文献速递栏目通过简短介绍,扩充知识面,每天关注,希望你也能有所收获!
摘要
本文使用对来自7名女性的一共25790个正常乳腺上皮细胞进行了单细胞RNA测序。经过聚类分析,定义了三群细胞:分泌性 Luminal cells,激素反应性 Luminal cells, 和基细胞。经过伪时间分析,重建了连接这三类细胞的分化路径。此研究系统描述了乳腺上皮细胞的特征,并有助于理解乳腺癌细胞的谱系分化。
背景知识
normal breast histology
normal breast cells to breast cancer
breast cancer classifications
正文
测序数据
平台:Fluidigm C1 (Protocol 100-7168 I1
【https://www.fluidigm.com/binaries/content/documents/fluidigm/resources/c1-mrna%E2%80%90seq-pr-100%E2%80%907168/c1-mrna%E2%80%90seq-pr-100%E2%80%907168/fluidigm%3Afile】)
数据:GSE113197
(https://www.ncbi.nlm.nih.gov/geo/query/acc.cgi?acc=GSE113197)
代码:github(https://github.com/kessenbrocklab/Nguyen_Pervolarakis_Nat_Comm_2018)
基本流程
Isolation:FACS分别筛选出basal和luminal两种上皮细胞
Alignment & quantification: RSEM / bowtie2 (GRCh38 RefSeq genome) => FPKM matrix
Quality control: 细胞: > 900 genes/cell ; 基因:>3 cells/gene (*)
Output: 来自3名女性的703 single cells, ~4500 genes/cell
Clustering: Seurat pipeline
Quality control (*) => log(FPKM) => PCA (from highly variable genes) => tSNE (top 2 PCs), clustering => marker genes selection (FindAllMarkers)
分析
scRNAseq reveals three cell types in the breast epithelium
Identification of three major epithelial cell types and their markers using scRNAseq. aOverview of scRNAseq approach using primary human breast tissue samples that were processed into single cell suspension, followed by FACS isolation of basal (CD49f-hi, EPCAM+) and luminal (CD49f+, EPCAM-hi), and scRNAseq analysis using the microfluidics-enabled scRNAseq. b Combined tSNE projection of cells from all three microfluidics-enabled scRNAseq datasets. The major basal cluster is highlighted in red; Luminal1 (L1) in green; Luminal2 (L2) in blue. c Heatmap displaying the scaled expression patterns of top marker genes within each cell type with selected marker genes highlighted; yellow indicating high expression of a particular gene, and purple indicating low expression. d Feature plots showing the scaled expression of TCF4 and ZEB1 marking a subpopulation of basal cells and gene plot showing co-expression of TCF4 and ZEB1 in the same cells. See Supplementary Fig. 1 capture site imaging, gene detection, individual principal component analysis, tSNE plot colored by individual-derived cells and feature plots of cell type-specific markers
integrate三名女性的sample data,通过clustering,发现三个主要群体
将这三个cluster中高表达的genes作为signature,发现其分别对应一群basal(KRT14+);两群luminal(L1: KRT18+/SLPI+; L2: KRT18+/ANKRD30A+),且这三群在三名女性中都存在。
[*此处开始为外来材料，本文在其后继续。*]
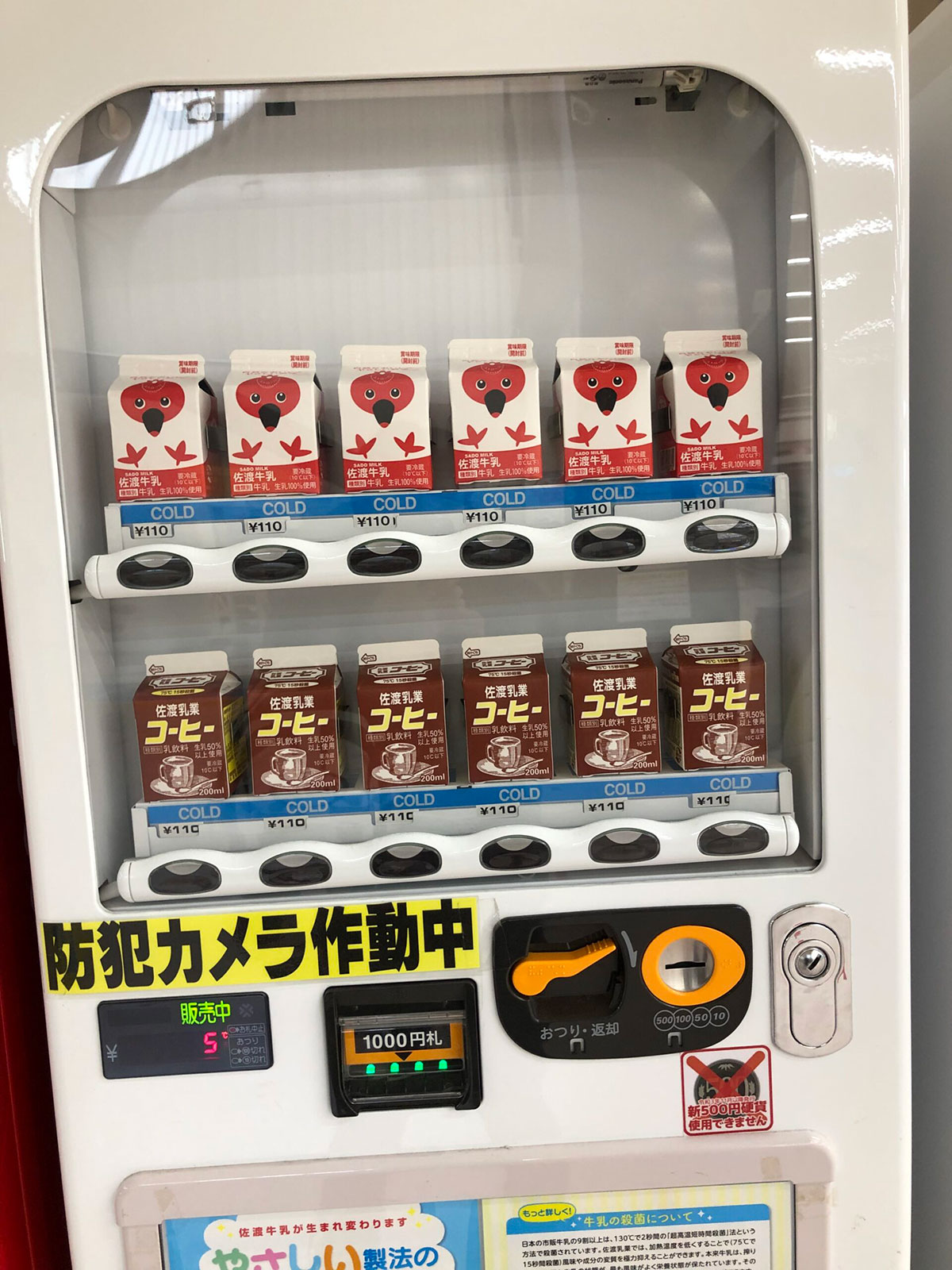 また、ご当地キャラクターの特大サドッキーがいたり、ご当地グルメの「ながもそば」が食べられたり、トキのパッケージが有名な「佐渡牛乳」の自販機もありましたよ♪

将这些signatures和FACS筛选过的细胞的microarray public data比对,得到 basal, L1, L2群与细胞表面marker表达的对应关系。其中basal cell中有一部分有上调的stem cell markers的表达(ZEB1, TCF4)
测序数据
平台:10X Genomics
(v2【https://assets.ctfassets.net/an68im79xiti/6EX4Qbv2LYMW4A8kk4qGsE/7c71611089466264e1463ce552652851/20180618_CG00052_SingleCell3_v2UG_RevisionSummary_RevDtoRevE.pdf】/ v1 chemistry)
数据:GSE113197
(https://www.ncbi.nlm.nih.gov/geo/query/acc.cgi?acc=GSE113197)
代码github(https://github.com/kessenbrocklab/Nguyen_Pervolarakis_Nat_Comm_2018)
取材:乳腺组织来自乳房缩小手术的7名匿名患者,经机械切割和酶消化得到单细胞,通过流式 (Fluidigm C1) 筛选出上皮细胞, 通过上述平台建库,分别使用Illumina HiSeq2500 (1.6 million reads per cell) 和HiSeq4000 (50,000 reads per cell) 测序。对25790个细胞进行下游分析。
基本流程
Isolation:FACS一并筛选出basal和luminal两种上皮细胞
Alignment & quantification: 10X Cell Ranger (GRCh38 RefSeq genome) => Cell Ranger Count => Cell Ranger Aggr (normalization)
Quality control: 细胞: 500-6000 genes/cell ; 线粒体基因:=<10% (*)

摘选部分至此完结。